Baden-Baden – Neubau oder Rekonstruktion der Synagoge?

  • Ich denke, dieses Projekt verdient einen eigenen Strang: Die jüdische Gemeinde in Baden-Baden diskutiert seit einigen Monaten den Neubau einer Synagoge mit Gemeindezentrum. In den letzten Tagen ist ein heftiger öffentlicher Streit über den Standort neu entflammt.
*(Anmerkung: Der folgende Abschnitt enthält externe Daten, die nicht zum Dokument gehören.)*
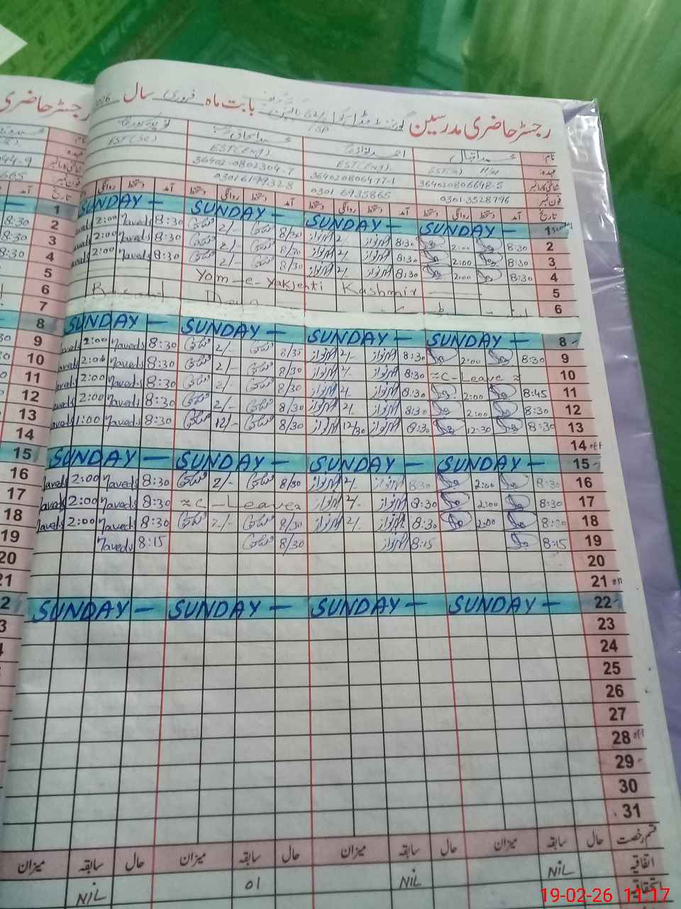 | CNIC | Full Name | Designation | R/C | Absence During Last Calender Month |

Derzeit erscheint eine Fläche einige Kilometer westlich der Altstadt an der Fürstenbergallee, die parallel zum Autobahnzubringer B500 verläuft, als wahrscheinlichste Lösung. Das stößt jedoch auf Kritik sowohl bei einigen Gemeindemitgliedern als auch anderen Einwohnern und Lokalpolitikern, die sich einen zentraleren Standort wünschen.
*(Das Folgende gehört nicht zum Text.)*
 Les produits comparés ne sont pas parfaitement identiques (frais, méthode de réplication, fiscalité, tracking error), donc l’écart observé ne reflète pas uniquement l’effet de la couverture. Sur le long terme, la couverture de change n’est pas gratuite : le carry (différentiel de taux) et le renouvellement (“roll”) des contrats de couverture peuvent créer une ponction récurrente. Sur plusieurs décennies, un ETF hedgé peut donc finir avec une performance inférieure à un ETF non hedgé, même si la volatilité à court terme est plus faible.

    Vom Rathaus erhielt die Gemeinde Anfang Februar nach einer Anfrage für einen alternativen Bauplatz jedoch eine Absage, da man über kein in Zentrumsnähe gelegenes, passendes stadteigenes Grundstück verfüge. Der Gemeinde wurde vom Rathaus nahegelegt, "sich auf dem privaten Markt umzuschauen" (Wortlaut, mehr Details und ganze Erklärung siehe hier). Daraufhin hat der FDP-Kreisvorsitzende René Lohs am Dienstag in einer schriftlichen Erklärung die Rekonstruktion der 1938 zerstörten Synagoge in der Altstadt angeregt. Er kritisiert darin die mangelnde "Sensibilität im Umgang mit dem Thema" durch den jetzigen Grundstückseigentümer, der das unbebaute Gelände nicht verkaufen wolle. Auch die Stadtverwaltung akzeptiere damit "den Bau des Gotteshauses am Autobahnzubringer" (Quelle).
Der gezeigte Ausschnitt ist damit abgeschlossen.